Facts:

The appeal related to the granting of Zedra’s application to amend the petition under section 994 of the Companies Act 2006. The respondents resisted that amendment on the basis that the claim was time-barred under the 1980 Act and thus time limitations applied.

The petition was presented in January 2019 to the original respondents, THG plc and 14 named individuals (directors or former directors of the company). Most of the complaints in the original one were struck out or dismissed. Zedra made an application to amend the petition in June 2022 which was heard in December 2022 and a judgement was granted in January 2023. One of the re-amendments ‘alleges that the directors were in breach of their statutory duty to act lawfully, in good faith for proper purposes and fairly as between different shareholders when exercising the power to allot shares and the power to capitalise profits and appropriate the capitalised profits to shareholders.’

Decision:

The Court of Appeal, in a unanimous judgment, held that they were not bound by the ratio of the earlier Court of Appeal decision in Bailey v Cherry Hill Skip Hire Ltd [2022] and that contrary to “over 40 years’ received wisdom”, limitation periods do apply to unfair prejudice petitions under section 994 of the Companies Act 2006. 

The Court starts by explaining that unfair prejudice petitions are not mentioned in the Limitation Act 1980. The Court was not of the view that section 994 fell outside the scope of the Limitation Act 1980. 

The Court ruled that the limitation period is 12 years under section 8 of the Limitation Act 1980, unless the claim is one for compensation or monetary relief whereas the limitation period is 6 years under section 9 of the same Act.  Here as the Petitioner was claiming equitable compensation for the loss allegedly suffered from an unlawful exclusion from a bonus share issue, the claim amounted to an action to recover a sum and was subject to the shorter limitation period under section 9. As a result, the Petitioner was barred from bringing the claim. However, Lewison L J noted that a share buy-out order would not be caught by section 9 and would be subject to a 12-year limitation period. 

The Court analysed the justification for the lack of a limitation period. One such reason is that ‘petitioners rely on a course of conduct as amounting cumulatively to unfair prejudice’. Lewison L J continued by stating that “Once conduct (whether individually or cumulatively) amounts to unfair prejudice, there is no particular reason why a petitioner should be in any more favourable position than any other litigant” in raising a fairness argument. 

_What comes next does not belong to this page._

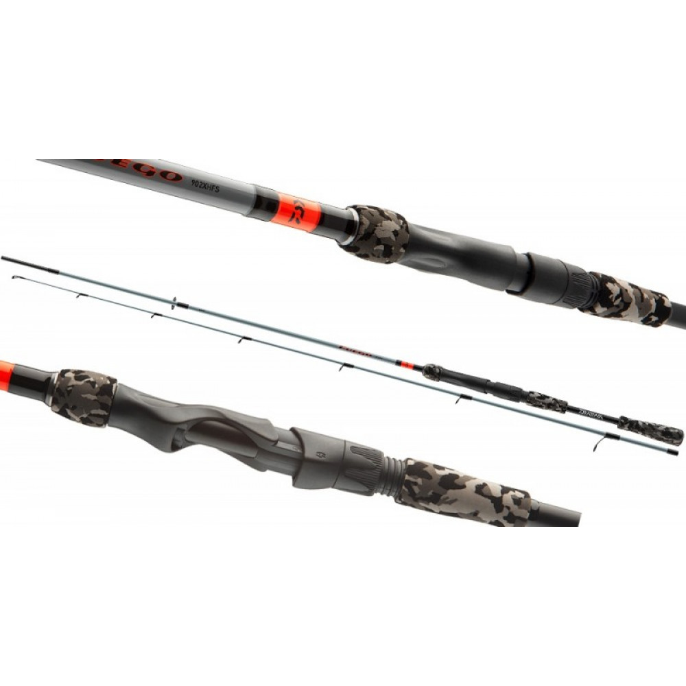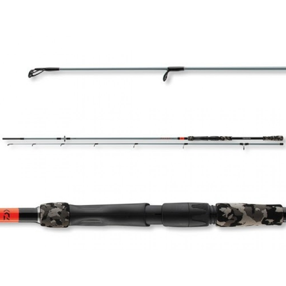 Със спининговите въдици Fuego Camo DAIWA предлага богата гама модерни въдици с много стегнати бланки, които – в зависимост от модела – покриват почти всички видове приложения при съвременния риболов на примамка. Благодарение на бързите бланки, въдиците Fuego Camo са особено подходящи за джигинг с меки пластмасови примамки. Използването на ексклузивния материал от въглеродни влакна HVF на DAIWA за дизайна на заготовката позволява разработването на много бързи и леки спининг въдици, които осигуряват приятно боравене и са много издръжливи. Тези въдици се отличават с модерен външен вид благодарение на сив цвят и са оборудвани с оригинален макародържач Seaguide и първокласна камуфлажна EVA дръжка. Макародържачът от концепцията Seaguide Alien позволява незабавен контакт с бланката благодарение на страничните джобове, които оптимизират представянето на примамката и откриването на ухапване. Ергономичната форма на макародържача допълнително гарантира удобно боравене и позволява постоянно забавление при риболов. Оборудван с леки водачи от титанов оксид.
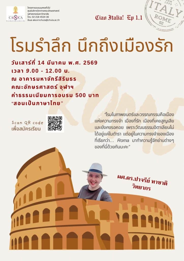 ชวนเปิดประตูสู่ “กรุงโรม” ผ่านมุมมองใหม่ที่มากกว่าการท่องเที่ยว! คอร์สนี้จะพาผู้เรียนสำรวจเมืองโรมในฐานะ “ตัวบททางวัฒนธรรม” (Cultural Text) ผ่านภาพยนตร์ วรรณกรรม และเรื่องเล่า เพื่อทำความเข้าใจโรมในมิติของความทรงจำ ความรัก การสูญเสีย และความหมายเชิงสัญลักษณ์ของพื้นที่เมือง ผู้เข้าร่วมจะได้เรียนรู้ภาษาและวัฒนธรรมอิตาเลียนไปพร้อมกัน ผ่านการวิเคราะห์ภาพของโรมที่แตกต่างจากภาพจำในสื่อท่องเที่ยวทั่วไป เหมาะสำหรับผู้ที่สนใจอิตาลี ภาพยนตร์ วรรณกรรม และการเรียนรู้แบบสหวิทยาการ. วัตถุประสงค์• เรียนรู้วัฒนธรรมอิตาเลียนผ่านภาพยนตร์และวรรณกรรม• ทำความเข้าใจกรุงโรมในฐานะพื้นที่เชิงสัญลักษณ์• บูรณาการความรู้ด้านภาษาอิตาเลียนกับศิลปวัฒนธรรม• ส่งเสริมการเรียนรู้แบบไร้พรมแดนในศตวรรษที่ 21. หัวข้อการอบรมโรมในภาพยนตร์และวรรณกรรม โรมในฐานะ “เมือง–ตัวละคร” การอ่านและตีความเมืองในเชิงวัฒนธรรม ภาพของโรมกับสื่อร่วมสมัย รับสมัครตั้งแต่: วันนี้เป็นต้นไป เรียนในรูปแบบ: อบรมในห้องเรียน (On-site) วันเสาร์ที่ 14 มีนาคม พ.ศ. 2569 เวลา 9.00 – 12.00 น. รวม 3 ชั่วโมง สถานที่: อาคารมหาจักรีสิรินธร คณะอักษรศาสตร์ จุฬาฯ ราคาสมัคร: 500 บาท การอบรมเป็นภาษาไทย____________________________สมัครได้ที่ >>>https://cascachula.com/detail_courses/320( ผู้เรียนใหม่กรุณาสมัครสมาชิกก่อน)**หมายเหตุ1. ให้ผู้สมัครกรอกข้อมูล ชื่อ-นามสกุล ให้ครบถ้วน (มีผลในการออกใบประกาศ)2. ระบุข้อมูลที่อยู่ปัจจุบันให้ถูกต้องครบถ้วน เพื่อใช้ในการจัดส่งเอกสารประกอบการเรียนไปถึงผู้สมัคร

The Court of Appeal also held that the provisions of section 35 of the Limitation Act 1980 and CPR 17.4 apply to applications to amend an unfair prejudice petition.

Implications:

This judgement will send shockwaves through the company law world as the Court ruled that the received wisdom was incorrect. This judgement effectively puts an end to the assumption that the Limitation Act 1980 does not apply to unfair prejudice petitions. This decision might limit the number of potential claims, as any financial claims will be subject to a 6-year limitation. Practitioners will have to be careful while writing a petition, especially given that some forms of relief might be time-barred. 

A point that was not clear from the judgement is whether an unfair prejudice can be considered continuing and, if so, whether this overcomes the limitation problem (although there are dicta to that effect). There is also a chance that this case might proceed to the Supreme Court.